TASK PROMPT: Write out the entries below exactly, but only from the line containing "Guardamanos metálico, Cañón" through the line containing "Jenjum Gadi est", and without the pictures.

INPUT DATA:
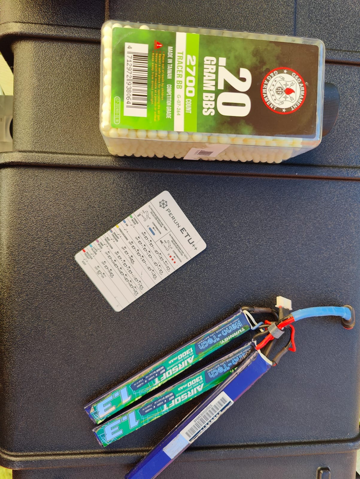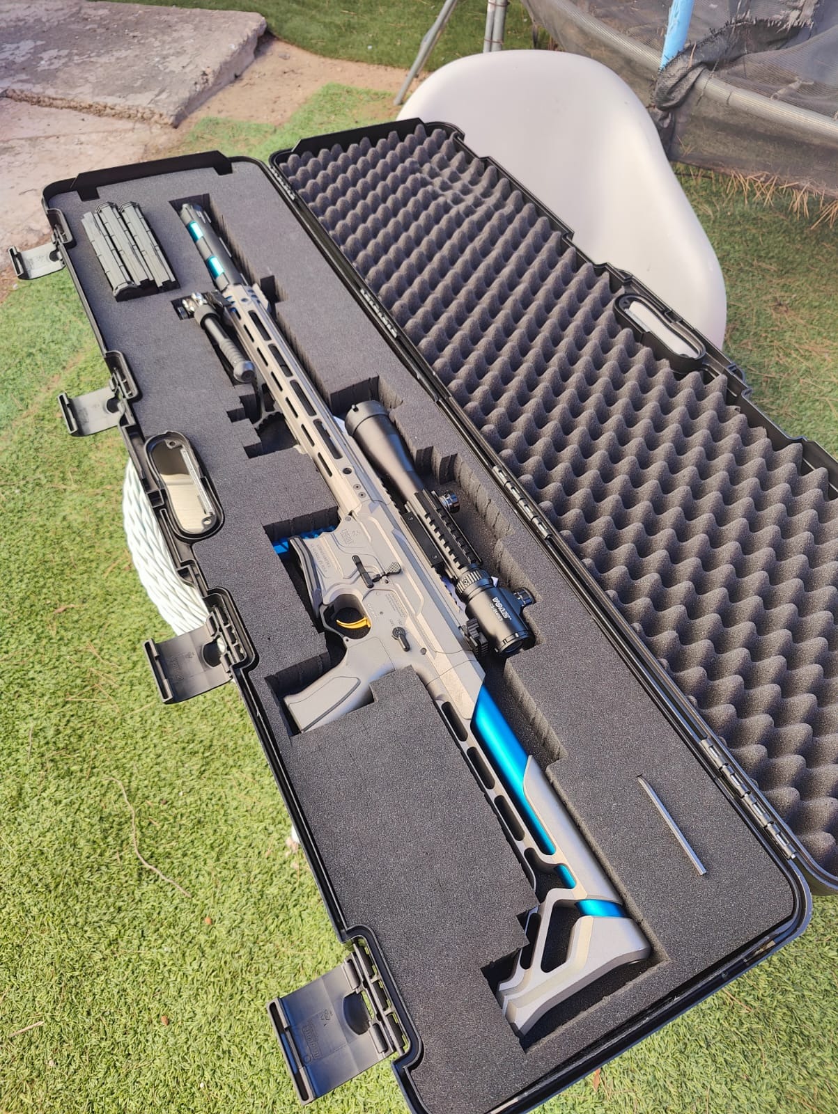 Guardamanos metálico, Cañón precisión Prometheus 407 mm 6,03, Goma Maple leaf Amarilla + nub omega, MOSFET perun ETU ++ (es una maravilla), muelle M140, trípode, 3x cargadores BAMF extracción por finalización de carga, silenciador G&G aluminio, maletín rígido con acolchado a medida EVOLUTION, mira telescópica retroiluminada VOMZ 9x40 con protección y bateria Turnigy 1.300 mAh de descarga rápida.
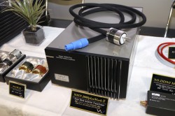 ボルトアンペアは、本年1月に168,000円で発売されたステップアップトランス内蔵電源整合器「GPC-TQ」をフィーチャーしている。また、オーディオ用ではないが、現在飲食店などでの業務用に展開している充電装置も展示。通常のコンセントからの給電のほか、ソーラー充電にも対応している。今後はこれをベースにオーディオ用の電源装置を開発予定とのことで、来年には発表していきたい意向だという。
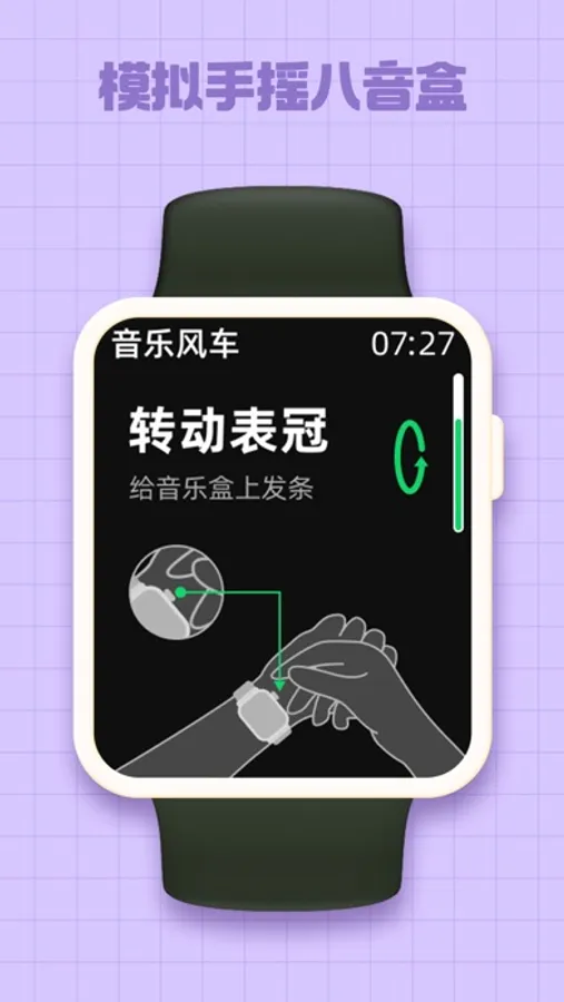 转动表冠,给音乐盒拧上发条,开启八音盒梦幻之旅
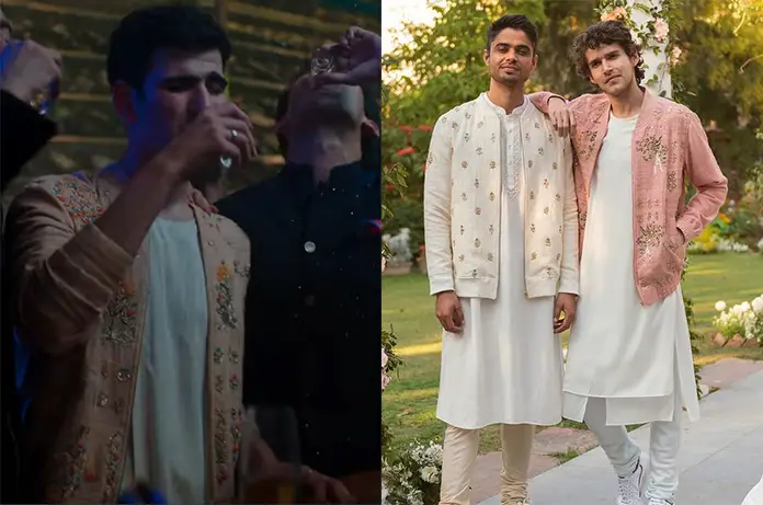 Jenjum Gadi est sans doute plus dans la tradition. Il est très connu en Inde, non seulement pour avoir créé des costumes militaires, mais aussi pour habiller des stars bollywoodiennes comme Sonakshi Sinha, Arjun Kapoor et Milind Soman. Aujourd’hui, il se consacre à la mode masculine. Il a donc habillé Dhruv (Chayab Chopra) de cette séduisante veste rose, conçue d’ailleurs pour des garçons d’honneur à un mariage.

==

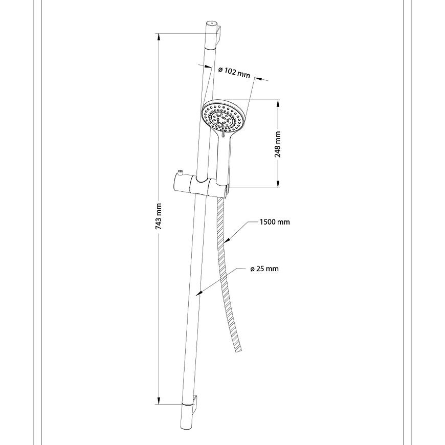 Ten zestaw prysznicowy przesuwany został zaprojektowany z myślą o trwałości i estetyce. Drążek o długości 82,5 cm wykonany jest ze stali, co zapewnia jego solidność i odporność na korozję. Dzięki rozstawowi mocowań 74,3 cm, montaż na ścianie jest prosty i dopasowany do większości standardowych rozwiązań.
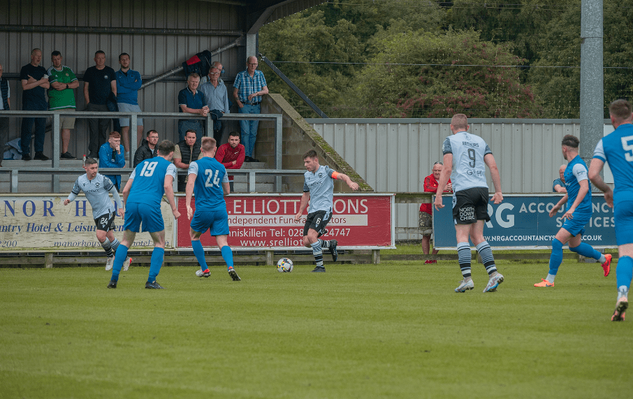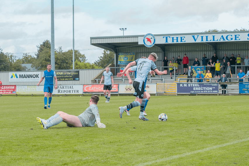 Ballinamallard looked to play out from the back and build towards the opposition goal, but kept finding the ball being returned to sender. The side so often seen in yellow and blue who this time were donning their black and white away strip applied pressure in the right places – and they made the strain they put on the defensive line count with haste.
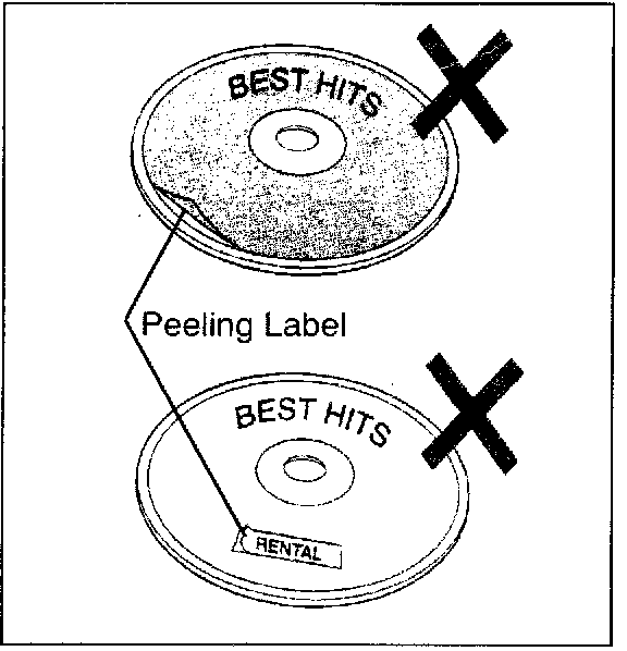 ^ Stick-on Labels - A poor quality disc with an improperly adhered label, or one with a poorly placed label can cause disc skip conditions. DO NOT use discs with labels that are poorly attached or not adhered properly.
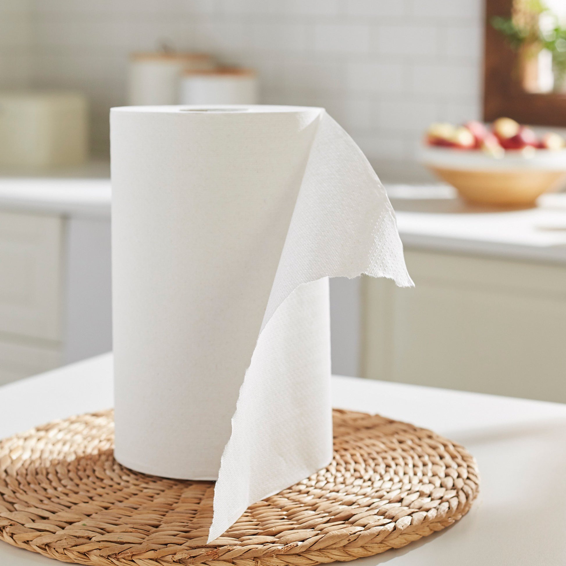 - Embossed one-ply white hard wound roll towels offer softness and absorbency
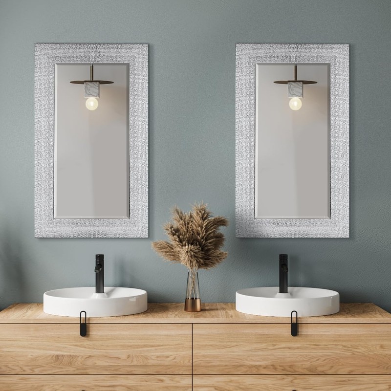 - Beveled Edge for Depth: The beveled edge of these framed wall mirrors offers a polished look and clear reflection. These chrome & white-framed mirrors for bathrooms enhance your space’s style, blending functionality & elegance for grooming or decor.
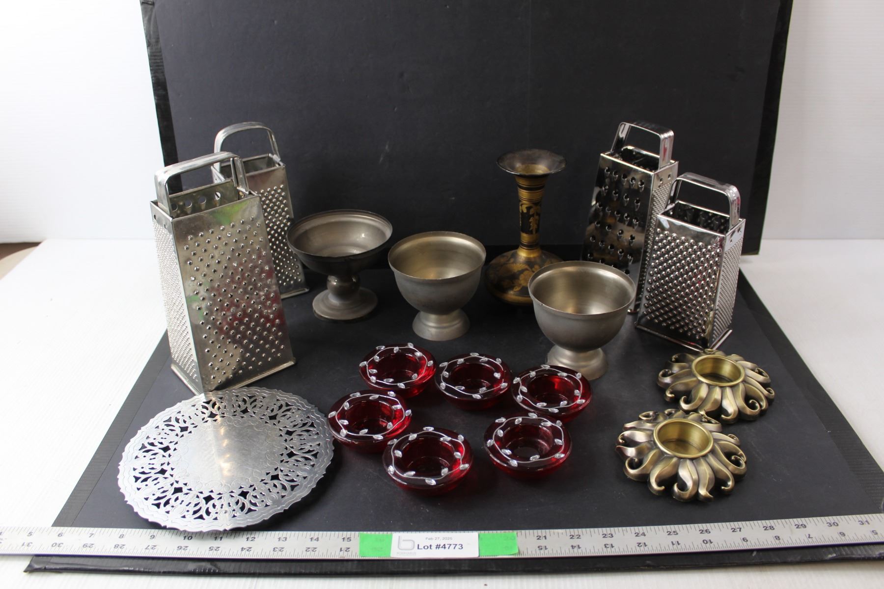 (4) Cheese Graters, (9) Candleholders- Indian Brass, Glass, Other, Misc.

REPLY TO THE EXERCISE:
 Guardamanos metálico, Cañón precisión Prometheus 407 mm 6,03, Goma Maple leaf Amarilla + nub omega, MOSFET perun ETU ++ (es una maravilla), muelle M140, trípode, 3x cargadores BAMF extracción por finalización de carga, silenciador G&G aluminio, maletín rígido con acolchado a medida EVOLUTION, mira telescópica retroiluminada VOMZ 9x40 con protección y bateria Turnigy 1.300 mAh de descarga rápida.
 ボルトアンペアは、本年1月に168,000円で発売されたステップアップトランス内蔵電源整合器「GPC-TQ」をフィーチャーしている。また、オーディオ用ではないが、現在飲食店などでの業務用に展開している充電装置も展示。通常のコンセントからの給電のほか、ソーラー充電にも対応している。今後はこれをベースにオーディオ用の電源装置を開発予定とのことで、来年には発表していきたい意向だという。
 转动表冠,给音乐盒拧上发条,开启八音盒梦幻之旅
 Jenjum Gadi est sans doute plus dans la tradition. Il est très connu en Inde, non seulement pour avoir créé des costumes militaires, mais aussi pour habiller des stars bollywoodiennes comme Sonakshi Sinha, Arjun Kapoor et Milind Soman. Aujourd’hui, il se consacre à la mode masculine. Il a donc habillé Dhruv (Chayab Chopra) de cette séduisante veste rose, conçue d’ailleurs pour des garçons d’honneur à un mariage.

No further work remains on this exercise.